Create a TwoHot distribution from the input logits.

Parameters:
  • logits (torch.Tensor) – The input logits to create the distribution from, of shape (…, bins).

  • bins (int) – The number of bins for the distribution. Defaults to the final dimension of logits.

  • low (float) – The lower bound of the distribution. (Default: -20.0)

  • high (float) – The upper bound of the distribution. (Default: 20.0)

  • pre_func (callable) – A function to apply to the input value before computing log probabilities. (Default: symlog)

  • post_func (callable) – A function to apply to the mean of the distribution before returning. (Default: symexp)

  • eps (float) – A small value to add when computing entropy to avoid numerical issues. (Default: 1e-8)

entropy() Tensor#

Compute the entropy of the distribution.

Returns:

The entropy of the distribution, of the same shape as the mean without extra event dimensions.

Return type:

torch.Tensor

log_prob(value: Tensor) Tensor#

Compute the log probability of the given value under the distribution.

Parameters:

value (torch.Tensor) – The value to compute the log probability for, can be of any shape.

Returns:

The log probability of the value under the distribution, of the same shape as value.

Return type:

torch.Tensor

rsample() Tensor#

Sample by randomly sampling two bins and interpolating.
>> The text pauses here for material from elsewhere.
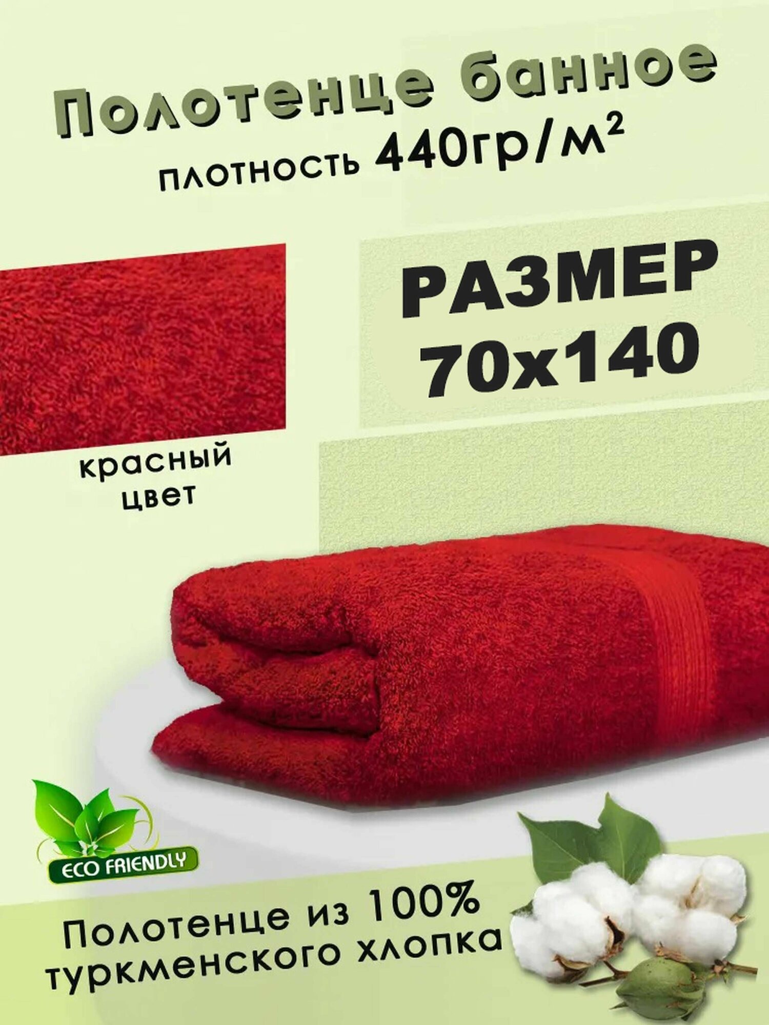 Полотенце банное махровое большое 70х140 см, 100% хлопок, красное интересное:

Still WIP, and might be numerically unstable.

Returns:

A sample from the distribution, matching the shape of mean.

Return type:

torch.Tensor

property mean: Tensor#

Compute the mean of the distribution as a weighted sum of bin values.

Returns:

The mean of the distribution.

Return type:

torch.Tensor

fishyrl.distributions.identity(x: Tensor) Tensor#

Identity function, returns the input tensor unchanged.

Parameters:

x (torch.Tensor) – The input tensor.

Returns:

The same input tensor.

Return type:

torch.Tensor

fishyrl.distributions.symexp(x: Tensor) Tensor#

Apply the symmetric exponential transformation to the input tensor.

Parameters:

x (torch.Tensor) – The input tensor to transform.

Returns:

The transformed tensor.

Return type:

torch.Tensor

fishyrl.distributions.symlog(x: Tensor) Tensor#

Apply the symmetric logarithm transformation to the input tensor.

Parameters:

x (torch.Tensor) – The input tensor to transform.

Returns:

The transformed tensor.

Return type:

torch.Tensor

fishyrl.distributions.uniform_mix(logits: Tensor, ratio: float = 0.01) tuple[Tensor, Tensor]#

Mix the input logits with a uniform distribution on the final dimension.

Parameters:
  • logits (torch.Tensor) – The input logits to mix, of shape (…, num_classes).

  • ratio (float) – The ratio of uniform distribution to mix with the input logits.

Returns:

The mixed logits, of shape (…, num_classes).

Return type:

torch.Tensor